Nous proposons d'organiser ce symposium selon un mode classique (présentation de la recherche, questions-réponses) tout en privilégiant un débat autour de questions diffusées aux participants avant le symposium.
Bibliographie
Astier, P. (2012). Les dispositifs, utopie éducative pour temps de crise, un point de vue sur l'ensemble des textes. Transformations. Recherches en éducation et formation des adultes, 7, 17–30.
Bandura, A. (1982). Self-efficacy mechanism in human agency. American Psychologist, 31, 122–147.
Belin, E. (1999). De la bienveillance dispositive : (Extrait de sa thèse de sociologie, choisi et présenté par Philippe Charlier et Hugues Peeters). Hermès, 25, 245–259.
Deci, E. L., & Ryan, R. M. (1985). Intrinsic motivation and self-determination in human behavior. Springer Science & Business Media.
Depover, C. (2014). Quels modèles économiques et pédagogiques pour les MOOC ? Distances et médiations des savoirs. Distance and Mediation of Knowledge, (5).
Levenson, H. (1973). Multidimensional locus of control in psychiatric patients. Journal of Consulting and Clinical Psychology, 41(3), 397–404.

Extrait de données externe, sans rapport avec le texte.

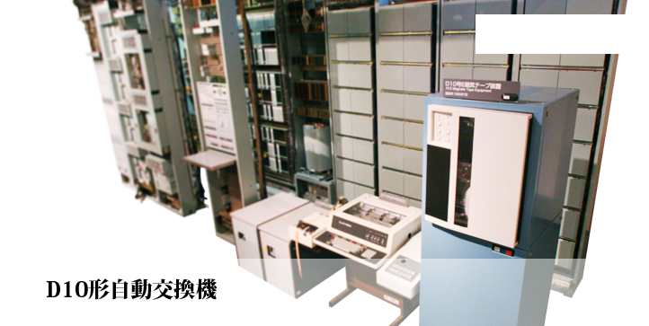![]() D10形自動交換機![]() ![]() D10形自動交換機は、高性能な処理装置を持つ、プログラム制御方式の電子交換機です。それまでのクロスバ交換機に比べ、小形化と大容量化を同時に実現しました。 また、ソフトウェアの変更で新たなサービスに容易に対応できるようにしたことで、その後の電話サービスの高度化・多様化に大きく貢献しました。さらに移動体通信への機能も有し、自動車電話サービスの提供に大きな役割を果たしたのです。 電子交換機の研究開発は、1964年から当時の日本電信電話公社電気通信研究所が中心に、交換機製造会社との共同研究で進められました。1972年には、東京の銀座局など4局でD10形自動交換機によるサービスが開始され、その後順次全国に展開されました。 D10形自動交換機は、全国の加入者線交換機が全てディジタル化される1997年までの四半世紀にわたり、高度化する電話サービスの担い手として活躍しました。 |
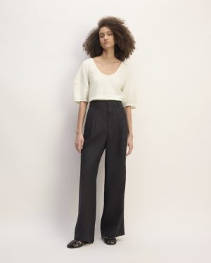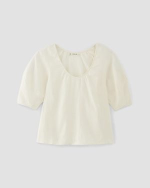 This piece features a relaxed fit. short sleeves with horizontal seam for volume. a scoop neck. and is made from 100% linen.
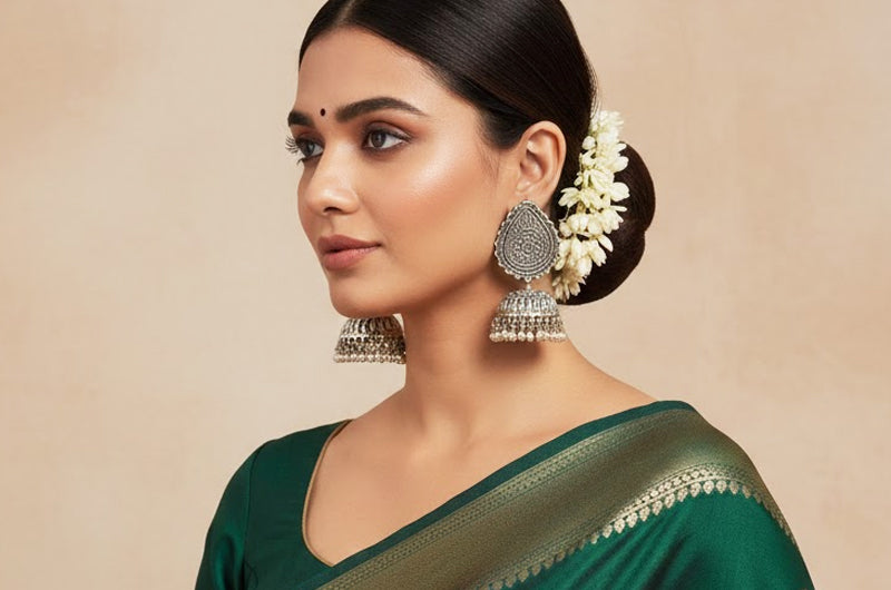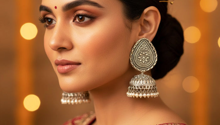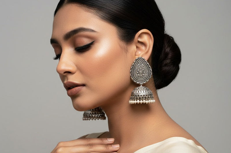 Rooted in the sacred visual language of Uttarakhand’s hill temples, the Devshringi Silver Jhumki reflects motifs associated with protection, prosperity, and divine balance. The domed silhouette echoes temple shikhar forms and ceremonial adornments worn during Garhwali and Kumaoni rituals, making the piece feel spiritually grounded and culturally resonant. It carries the quiet grandeur of Devbhoomi traditions, designed to complement festivals, weddings, and meaningful cultural gatherings.
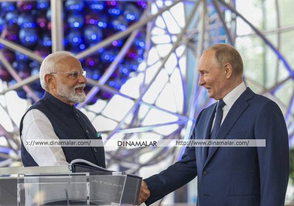 ரஷ்யாவின் உயரிய விருதான செயின்ட் ஆண்ட்ரூ தி அபோஸ்த்லே விருதை பிரதமர் மோடிக்கு வழங்கி கவுரவித்த அதிபர் புடின்.
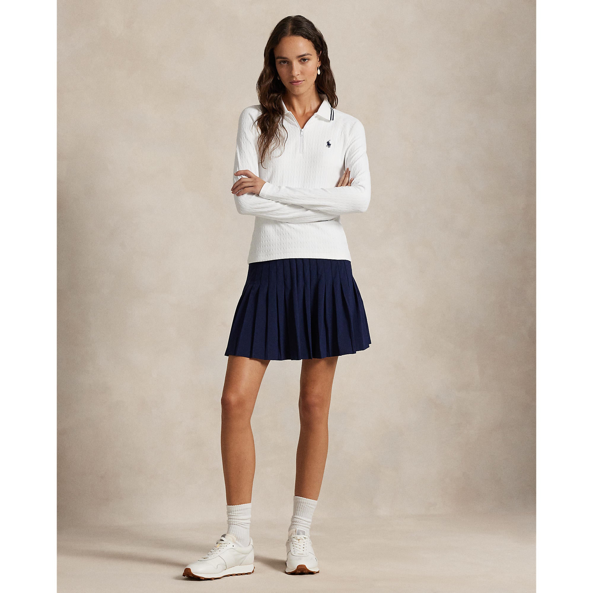 The RLX Ralph Lauren Women’s Cable-Knit Quarter-Zip Polo blends classic Polo styling with modern, performance-driven design. Crafted from double-knit fabric with a subtle cable-knit motif, this slim-fit polo offers refined texture, stretch, and a flattering silhouette, perfect for layering on the course or wearing on its own.
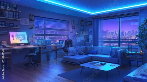 A cozy, modern home office with a city view at dusk, featuring ambient lighting and tech setup.
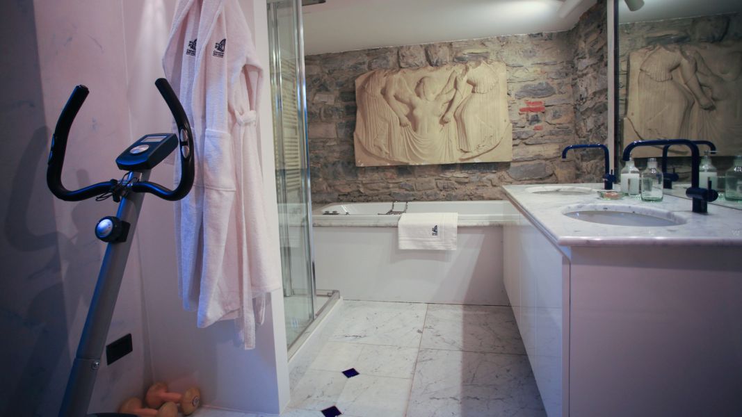 Il bagno privato, spazioso e rifinito in marmo, è dotato sia di vasca da bagno che di doccia, oltre a una cyclette per chi desidera dedicarsi al benessere anche in viaggio. L’arredamento è composto da mobili antichi, scelti nel rispetto dello stile e della storia del Convento, che rendono l’ambiente caldo e raffinato.

Linard, M. (2002). Conception de dispositifs et changement de paradigme en formation. Éducation permanente, Regards multiples sur Les Nouveaux Dispositifs de Formation, 152, 43–155.
Moore, M. G., & Marty, O. (2011, November 11). La théorie de la distance transactionnelle
Peraya, D. (1999). Médiation et médiatisation : le campus virtuel. Hermès, 25, 153–167.
Rabardel, P. (1995). Les hommes et les technologies, approche cognitive des instruments contemporains. Paris : Armand Colin.
Rotter, J. B. (1966). Generalized expectancies for internal versus external control of reinforcement. Psychological Monographs: General and Applied, 80(1), 1–28.
A quelles questions cherchons-nous réponse :
Comprendre en quoi les contraintes du dispositif influent sur le sentiment d'efficacité personnelle des enseignants et des apprenants ?
Evaluer quelles dimensions de la motivation humaine sont prédominantes dans un tel dispositif ?
Evaluer quelles catachrèses sont mises en œuvre par les acteurs de ce dispositif ?
Comprendre en quoi ces catachrèses influent sur les perceptions que les acteurs ont du dispositif ?
Comprendre quels liens les acteurs font entre leur agentivité et la perception qu'ils ont du dispositif ?
Questions transversales
Comment simultanément répondre aux questions des acteurs de terrain (concernant l'ingénierie des dispositifs) et aux exigences des revues de haut rang par la production d'outils et de méthodes?
Dans le domaine des TICE, les évolutions techniques sont elles porteuses de nouveaux questionnements ou permettent elles de valider dans de nouveaux contextes des cadres théoriques éprouvés?
Les recherches dont nous rendons compte dans ce symposium, portent sur la compréhension de phénomènes éducatifs qui nous interpellent par leur soudaine altérité, en quoi l'ancrage de ce symposium autour de la notion de dispositif instrumenté, met il en tension le renouvellement ou la validation des cadres théoriques sollicités.
Est ce que notre carence en propositions spécifiques, n'affirme t elle pas la nécessaire spécification de cadres théoriques sans doute trop larges pour rendre compte de façon constructive de la spécificité des phénomènes observés.